Mothering

Only after I became a mother in the most basic, literal sense, giving birth to my son and a few years later my daughter, did I dedicate the time needed to realize that raising children represents only a modicum of true mothering. It is a much bigger, holier, metaphysical concept than I give it credit. Each year, around this time of year, prompted by advertisements for spa-days and chocolate-covered fruit and whatever other gifts marketers dictate as appropriate for mothers, I pause and think about how I have embraced mothering as a whole.

With each annual exploration the understanding of what it means to mother–beyond gender or responsibilities or frustrations or fears–opens itself up a little more to me.

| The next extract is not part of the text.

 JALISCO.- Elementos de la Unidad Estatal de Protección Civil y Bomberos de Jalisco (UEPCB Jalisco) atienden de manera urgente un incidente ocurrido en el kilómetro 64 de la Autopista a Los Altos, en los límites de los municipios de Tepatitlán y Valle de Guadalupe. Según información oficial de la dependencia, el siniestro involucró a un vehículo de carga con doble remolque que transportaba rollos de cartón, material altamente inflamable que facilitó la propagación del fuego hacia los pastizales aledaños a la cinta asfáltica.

In recent years, there has been a larger movement to recognize that the syrupy, Hallmark-fortified version of this holiday leaves out those who have been unable to bear children, those who have lost a child, lost a mother, or those who have non-existent or damaged relationships with mothers in their lives. As my expression of motherhood evolves, I have come in personal contact with all these challenges, experiencing them myself or when supporting others.

My role as a mom raising two kids is something I still struggle with everyday. I struggle with my identity outside of my kids’ lives and nurturing my own and their independence. I pray for them everyday; praying for their safety and wisdom and that they might represent and give unconditional love to everyone they meet. I remind them constantly to stop picking their nose. They hand me a booger.

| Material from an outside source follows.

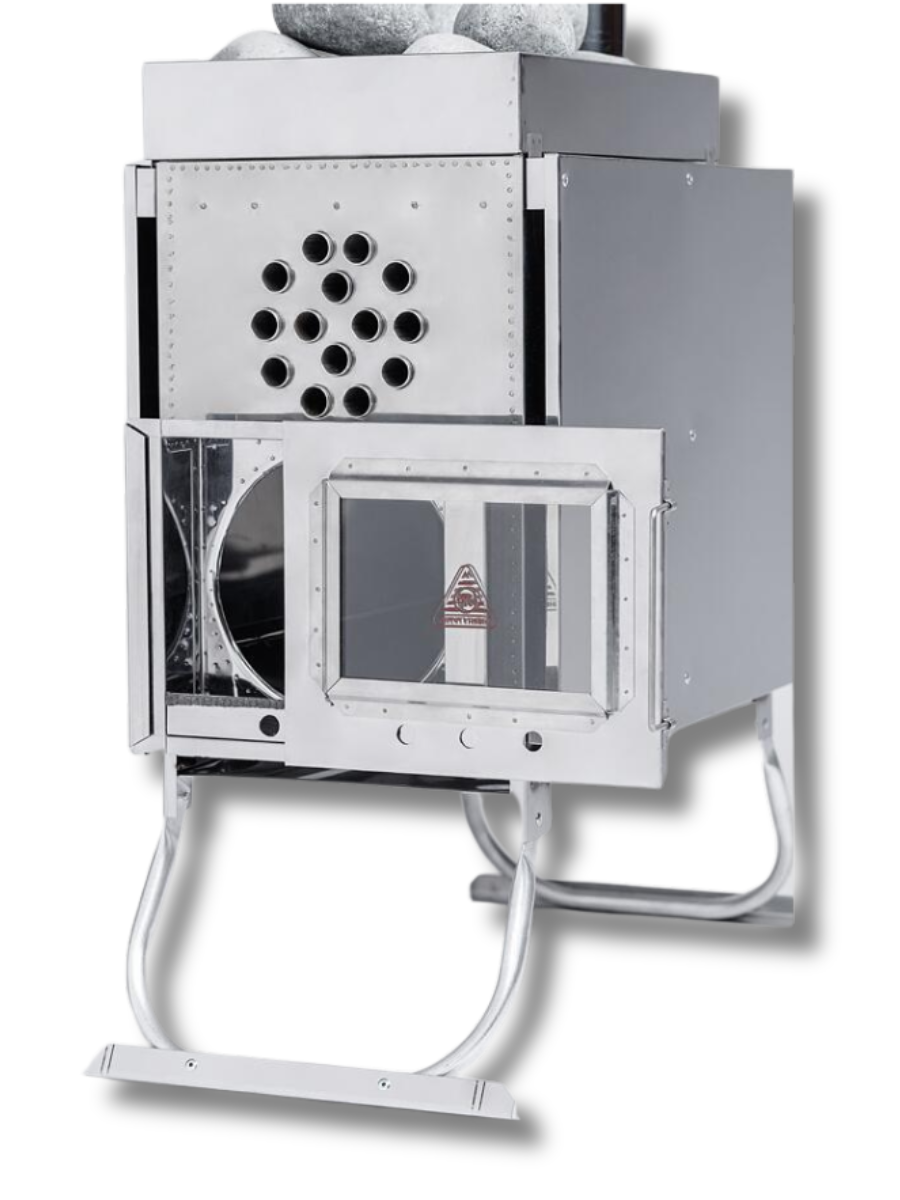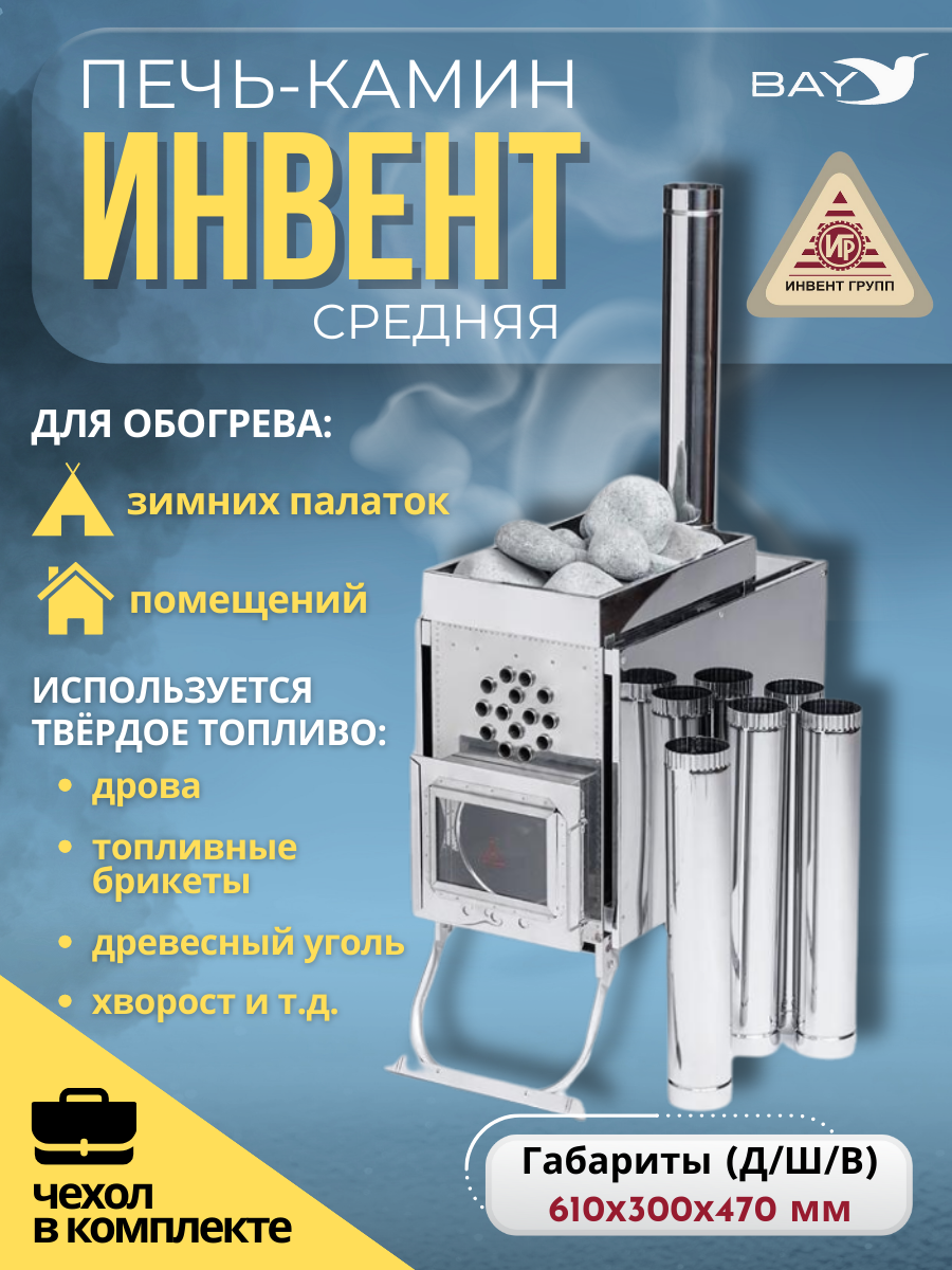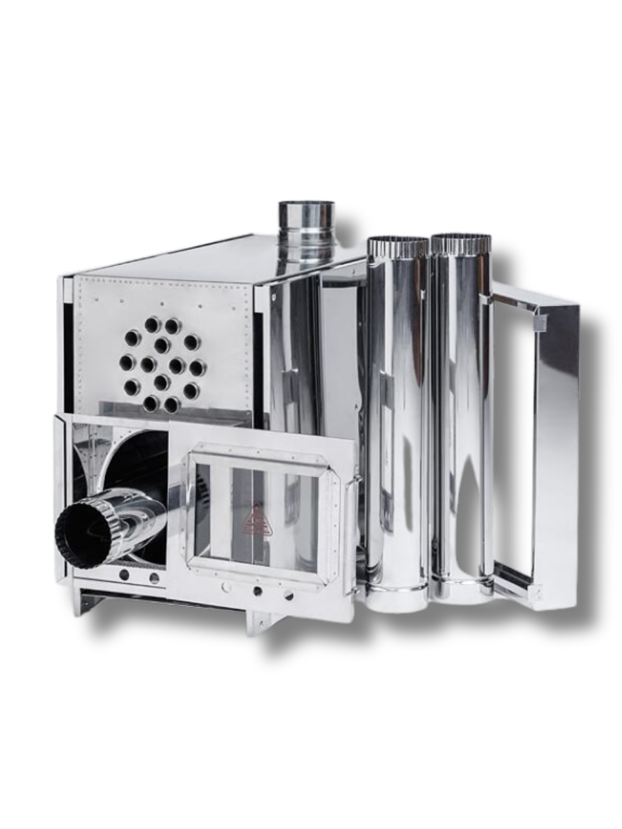 Печь-камин с теплообменником предназначена для обогрева помещений (зимних палаток) в условиях сурового севера, с использованием твердого топлива (дрова, топливные брикеты, древесный уголь, хворост и т.п.).

Two ideas struck me today with words better than I have to offer, and I have learned that part of mothering is recognizing other’s good work and lifting it up, celebrating nurturing ideas that feed humanity.

The first comes from Jen Hatmaker. I am sharing this is a little late, considering most of us have finished church for this Sunday, but the sentiment is timeless and useful for future Mother’s Days. The biggest takeaway is the permission to walk away from our prescribed traditions without risk of our sacred communities turning their back on us when we return. We need to find the joy that brings us closer to the divine, which is what our Mother would want for us.

The second idea comes from the story on the origins of Mother’s Day in the United States, which has been posted on multiple sites today, more than I remember in recent history. Each account cites Julia Ward Howe’s Mother’s Day Proclamation from 1870, calling women together to work together to address issues of global peace. A stanza in the middle of the piece reads:

From the bosom of the devastated earth a voice goes up with our own. It says, “Disarm, disarm! The sword is not the balance of justice.” Blood does not wipe out dishonor nor violence indicate possession.

I’d happen to guess that greeting card companies haven’t quite figured out what font to use when re-printing that phrase on the front of a Mother’s Day card. The entire proclamation reminds me to view my role as a mother as to serve the children of the world–all ages, all locations, no exceptions. It’s a humbling charge, one that can’t be fueled by a bouquet of chocolate-covered fruit.

And finally, because the Internet can be good (despite all of its clickbait and makeup-free celebrity photos) when we use it with the right intentions, a bonus thought, discovered as a related link to Howe’s proclamation. It’s a reflection on spiritual motherhood, captured by Dr. Alice von Hildebrand, a Catholic philosopher and theologian. The finale of her article reads:

You are called to motherhood right now. Not next week, not next month. I’m absolutely convinced that God has placed people in your path and called you to motherhood. Your task is to love those that are weak, unhappy, helpless, and unloved. Sometimes you can do this just by saying one word. At other times you’ll just have to listen. In every life there is suffering; most people keep it inside. When they feel loved, they will open up and tell you about their suffering. Then you will find that by carrying other people’s suffering your own suffering becomes lighter.